What links the brain, the climate and a murmuration of starlings? They're all made up of many components, interacting with a touch of randomness and a dash of disorder: the recipe for a complex system. The last two ingredients – randomness and disorder – make their behaviour extremely difficult to model and predict.

But physicists do enjoy a challenge, and in the 1960s Syukuro Manabe sought to model one such system: energy transfer and transport within the Earth’s climate. Manabe’s work was the first to explore the interplay between the greenhouse gas effect, the rising of hot air due to convection and the heat released when clouds form. It demonstrated that increasing carbon dioxide leads to rising temperatures closer to the ground, with the upper atmosphere becoming colder.

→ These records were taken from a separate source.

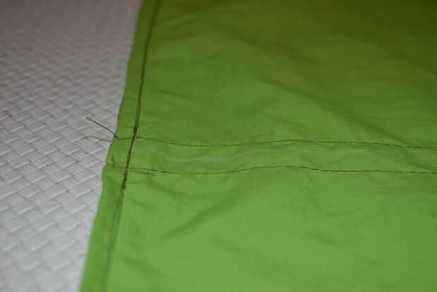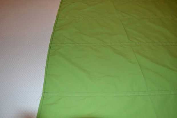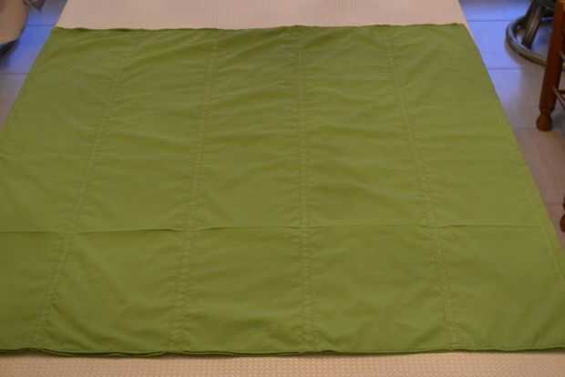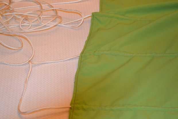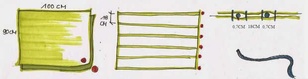 Como ves en las fotos de arriba, en el primer paso cosen a la tela doble de 90 x 100 cm y crean 6 ranuras. 6 ranuras son 7mm de ancho y se encuentra 18 cm unos de otros en la tela. Lo mejor es comenzar con toda la costura vertical (100 cm) líneas y luego terminar con las 2 costuras horizontales (90cm), saltando cada ranura.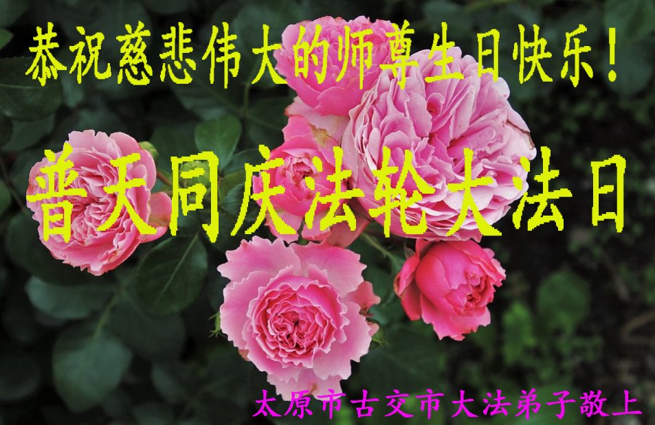 普天同庆同贺:五一三世界法轮大法日二十一周年!法轮大法洪传二十八周年! 山西省太原市古交大法弟子恭祝慈悲伟大的师尊生日快乐!普天同庆世界法轮大法日!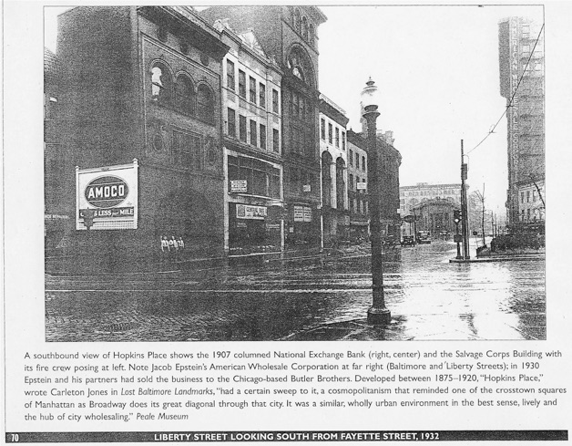 The building just right of center with the double arches is 17 N. Liberty Street, The Stieff Company.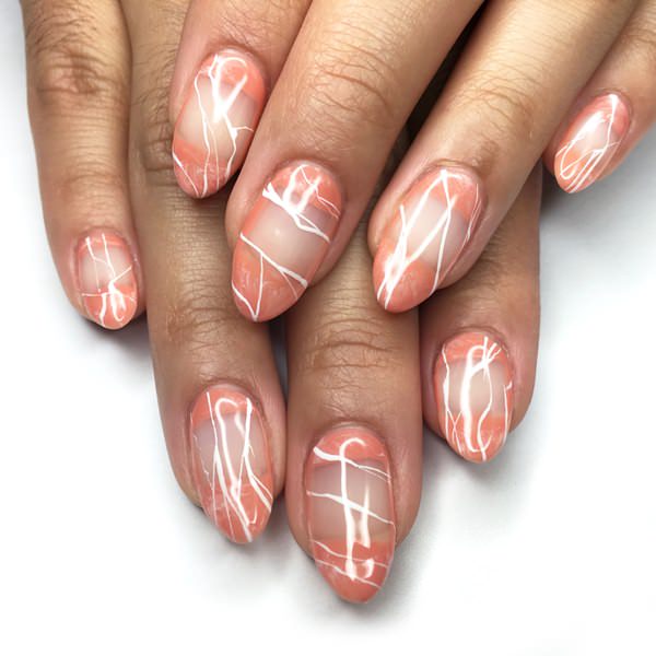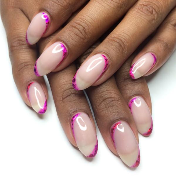 1. Using the pointed edge of the gel nails for this look you can create an unique design by adding a touch of color along the curves of your nails. Bright pink against a pale pink background is a truly beautiful look.

Most strikingly, he showed that doubling the carbon dioxide concentration in the air caused an increase in Earth surface temperature of 2℃. This work seeded the climate change models we have today.

A decade later, Klaus Hasselmann took Manabe’s work a step further by incorporating the chaos of weather into climate modelling in order to make predictions over time. To represent the rapidly changing weather conditions in the atmosphere, he mathematically built in chance to the model. This paved the way to proving anthropogenic carbon dioxide emissions are behind today’s global warming.

For these breakthroughs, Manabe and Hasselmann have been awarded one half of this year’s Nobel Prize in Physics. The other half has gone to Giorgio Parisi, whose dedication to understanding disordered and complex materials led to revelations of hidden patterns in the mathematics that could be used to harness predictability in a wide range of complex disordered scenarios, from neuroscience to machine learning, and in the mesmerising sight of a flock of starlings forming a living abstract artwork across the sky.

Predicting the unpredictable sounds like a Nobel Prize-worthy achievement. And now it officially is.